The government has said it will pull out many of the riot police deployed to the islands earlier this week.

Greece's eastern Aegean Sea islands have been the main entry point into the European Union for tens of thousands of people fleeing conflict and poverty in the Middle East, Africa and Asia. Under a 2016 deal between the EU and Turkey, new arrivals must stay on the islands pending deportation back to Turkey until their asylum applications are processed.

Hand-to-hand combat

Long delays in the asylum process and increased migrant flows have led to severe overcrowding in the island camps, which are several times over capacity.

Island residents have demanded that all migrants be moved to the mainland, and vehemently object to new camps being built in their areas.

In Lesbos on Wednesday, locals engaged in hand-to-hand combat with police who were attempting to use teargas and stun grenades to disperse demonstrators gathered at the hilltop site earmarked for the new facility.

"Our great fear when passions are so high is that blood will be spilt," said Eftratios Tzimis, the deputy mayor of Mytilene, Lesbos's main town. "It's a very bad turn of events when Greeks turn against Greeks."

Small groups of protesters on Lesbos threw stones and firebombs at police, who responded with teargas and flash grenades.A day earlier, squads of riot police were sent to the islands with bulldozers and other heavy machinery to begin construction of installations that have infuriated communities who had previously exhibited extraordinary compassion towards refugees.

Despite the growing pandemonium, the centre-right government of Mr Mitsotakis vowed to press ahead with the plan.

Officials are acutely aware of the escalating violence in Syria, where rights groups are warning of a renewed humanitarian crisis in Idlib, the rebel-held province being targeted by Russian-backed regime forces. They fear it is only a matter of time before Greece faces an even greater influx of asylum seekers from Turkey.

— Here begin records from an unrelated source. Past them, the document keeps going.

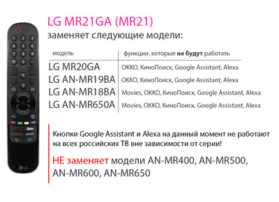 Пульт lg an-mr21gc (mr21n, он же mr21ga, но со встроенным nfc модулем), который выпускается для телевизоров новой линейки 2021 года, но также заменяет некоторые предыдущие magic пульты, а именно модели an-mr650a, an-mr18ba, an-mr19ba, mr20ga .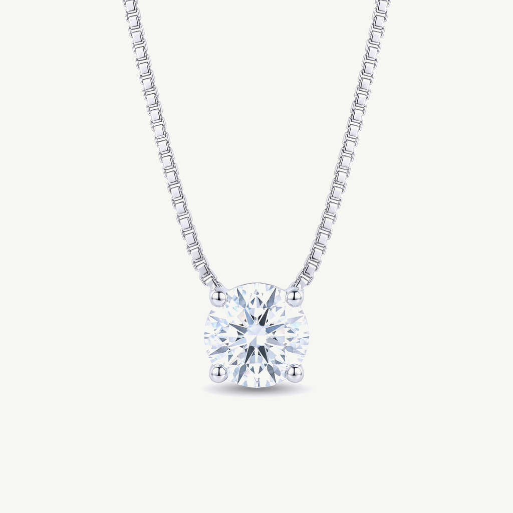 La pietra, incastonata con montatura a 4 griffes, esalta al massimo la luminosità e la purezza della moissanite, creando un effetto brillante e sofisticato che illumina il décolleté con naturale eleganza.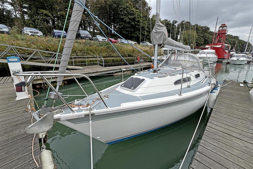The Westerly Regatta 290 was a modernised version of the Merlin, with a sugar scoop transom, fractional rig and much uprated and redesigned interior woodwork and layout. This example is presented in excellent condition and ready to go. She benefits from plenty of upgrades in recent years including new standing and running rigging in 2023, new stainless steel fuel tank in 2024 and a new mainsail in 2024. Her head linings were also replaced in 2024.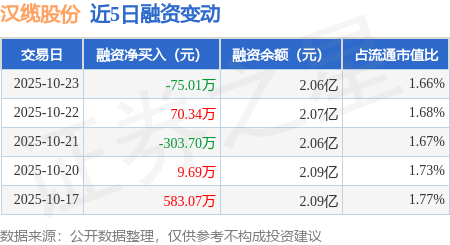 证券之星消息,10月23日,汉缆股份(002498)融资买入717.62万元,融资偿还792.63万元,融资净卖出75.01万元,融资余额2.06亿元。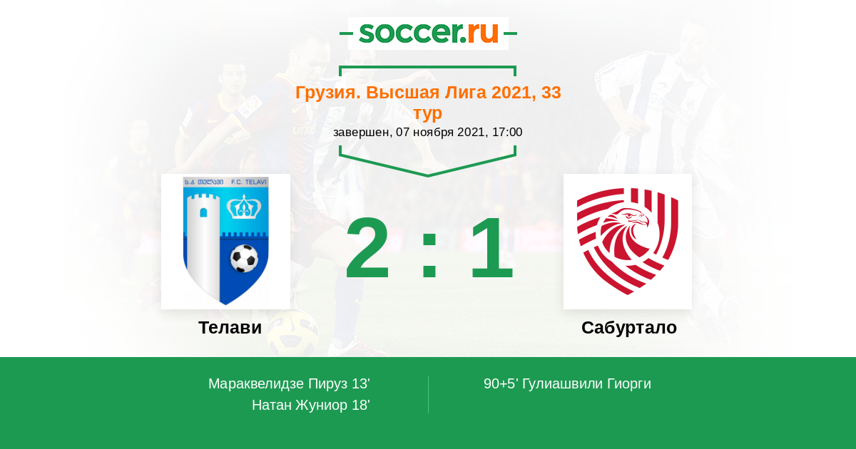 Грузия. Высшая лига 16.09.2021 Сабуртало Логотип футбольный клуб Сабуртало (Тбилиси) 2:1 Логотип футбольный клуб Телави Телави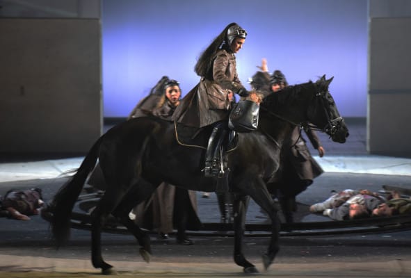 Folgerichtig führt Uwe Eric Laufenberg durch die Menschheitsgeschichte in zeitlichen, räumlichen und kulturspezifischen Abstufungen – von der Mythologie in den Orient zur altdeutschen Kneipe in einen Reitsaal mit einer an die Germania erinnernden Statue, zur Hochsicherheits-Festung von Fafner, die an Fort Knox erinnert, bis hin zur klassischen Gibichungen-Halle. Sinnstarke Videos von Falko Sternberg - das Rheintal mit der Burg Kaub, die strahlende Sonne, das magische Schwert Nothung, Massaker, Häuserschluchten einer Mega-Stadt, verheerende Atombomben-Explosionen, Panzer und Kampfflugzeuge, der apokalyptische Weltenbrand über den geschlossenen Toren von Walhall - teils drastisch aufgezeigt, ergänzen das Kaleidoskop seiner Deutung. Der Ausgangspunkt der Tragödie, der Raub des Goldes, findet in einem die Bühne dominierenden Auge statt. Aufsehenerregend, wie Rheintöchter und Alberich sich darin necken… Das ist nur das Vorspiel, danach beginnt der Lauf der Geschichte: Eindrucksvoll wie gestenreich Loge den Göttern am abendlichen Lagerfeuer vom Raub des Goldes berichtet, majestätisch der Einzug der göttlichen Beduinen nach Walhall, überraschend wie Siegfried statt eines Bären einen Punk vor sich hertreibt und zeitgemäß wie er den Feuerring mittels Algorithmen überwindet, effektvoll der Bezug zur Antike durch eine überlebensgroße Statue, monströs wie die Walküren wahllos junge Männer morden und deren Leichenteile umherwerfen, modern das Weben der Nornen mittels Laserstrahlen, überwältigend die pyrotechnischen Zaubereien, entsetzlich die Bombergeschwader… überzeugend die Personenregie. Uwe Eric Laufenberg ist an dieser großen Aufgabe nicht gescheitert, seine Inszenierung fällt positiv aus dem Rahmen.

In recent months there have been more arrivals than at any other time since early 2016, the height of the conflict, when nearly a million displaced Syrians entered Europe via the Aegean islands.

Entry point

Close to 43,000 men, women and children are registered on Lesbos, Samos, Chios, Leros and Kos in camps originally designed to accommodate 5,400. No other corner of the continent is such a busy entry point for illegal migration into the EU.

"It is critical that these centres happen," said Manos Logothetis, the general secretary of the Greek ministry of migration and asylum. "It is an honour for no state to have such centres," he told state-run TV, referring to Moria, the notorious camp in Lesbos, and other vastly overcrowded open-air facilities that the government intends to replace with more streamlined, if restrictive, detention centres.

Once built, asylum seekers will be kept under lock and key at night in an attempt to bring order to an increasingly chaotic situation across the isles.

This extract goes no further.